Como advogado na China, Lu Siwei pertencia a um grupo raro e cada vez mais sitiado, disposto a assumir casos delicados para defender activistas de direitos humanos e párias políticos. Para o deter, as autoridades colocaram-no sob vigilância e proibiram-no de praticar, privando-o do seu sustento.
A esposa e a filha do Sr. Lu fugiram primeiro, mudando-se para os Estados Unidos. Quase dois anos depois, foi a vez do Sr. Lu. Ele deixou a China no mês passado, atravessando para o Laos. Poucos dias depois, quando se preparava para embarcar num trem para a Tailândia, foi preso pelas autoridades locais. Acusado de usar documentos de viagem fraudulentos, ele estava sob custódia do Laos no final de agosto e enfrentava a ameaça de deportação.
Sob Xi Jinping, o líder mais intransigente da China em décadas, as autoridades chinesas expandiram agressivamente a sua rede para fora do país. Abriram postos policiais em países estrangeiros, ofereceram recompensas aos críticos que fugiram para o exterior, pressionou membros da diáspora chinesa para se tornarem informantes e garantiram a detenção ou deportação de exilados no exterior.
Anteriormente, a China não se tinha preocupado muito com os dissidentes no estrangeiro, confiante de que iriam cair num relativo esquecimento, disse Eva Pils, professora de direito no King’s College London que estuda direitos humanos na China. Essa abordagem mudou, disse ela, à medida que alguns exilados emergiram como críticos de alto nível do histórico de direitos de Pequim, com diversos testemunhando repetidamente diante de um comitê do Congresso dos EUA.
“O que é realmente ameaçador é que a China aumentou o seu alcance nos estados vizinhos, e também muito além disso.

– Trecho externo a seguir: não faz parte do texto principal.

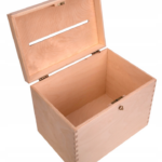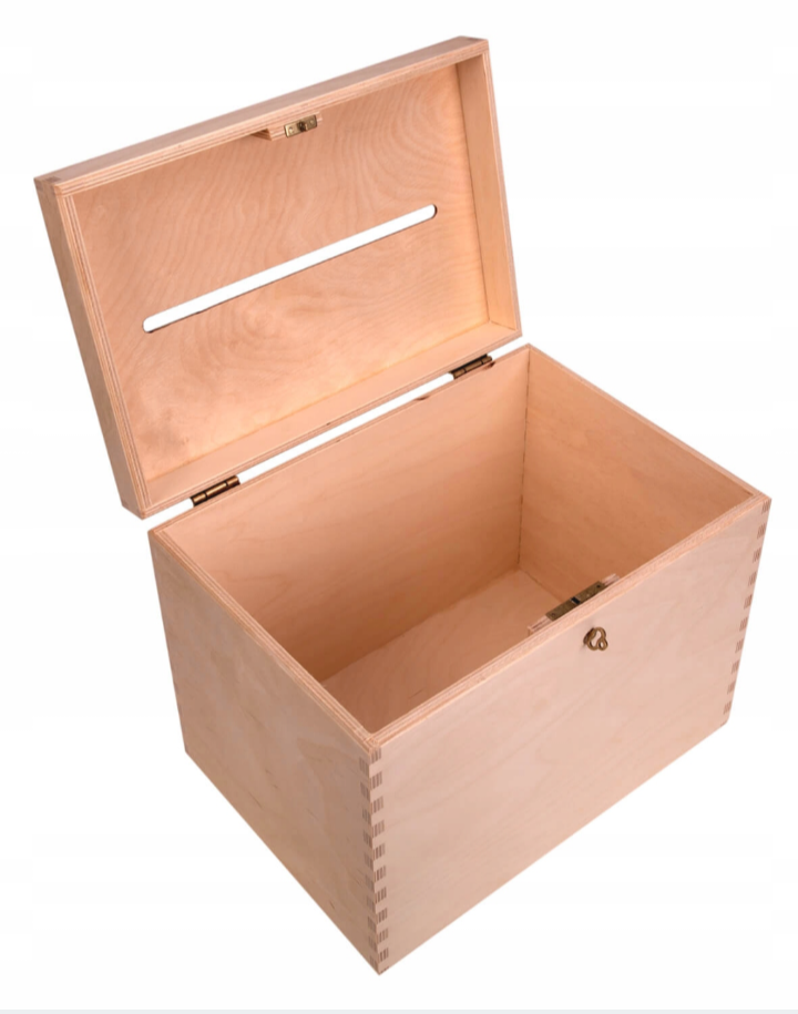 Drewniana skrzynka na koperty ślubne, którą można samodzielnie ozdobić.

Nenhum lugar é seguro”, disse Pils. “Isso representa muitas ameaças para os indivíduos envolvidos e prejudica a capacidade de outros governos de manter seguras as pessoas dentro de sua jurisdição.”
Dada a estatura da China como parceiro comercial fundamental que faz grandes investimentos nas infra-estruturas dos países do Sudeste Asiático, os governos do Camboja, Tailândia, Vietname e Laos detiveram ou extraditaram dissidentes chineses, presumivelmente a pedido de Pequim. Em 2009, o Camboja deportou 20 requerentes de asilo uigures para a China. Mais recentemente, críticos da China como Dong Guangping e Gui Minhai desapareceram do Vietname e da Tailândia, apenas para ressurgir nas prisões chinesas.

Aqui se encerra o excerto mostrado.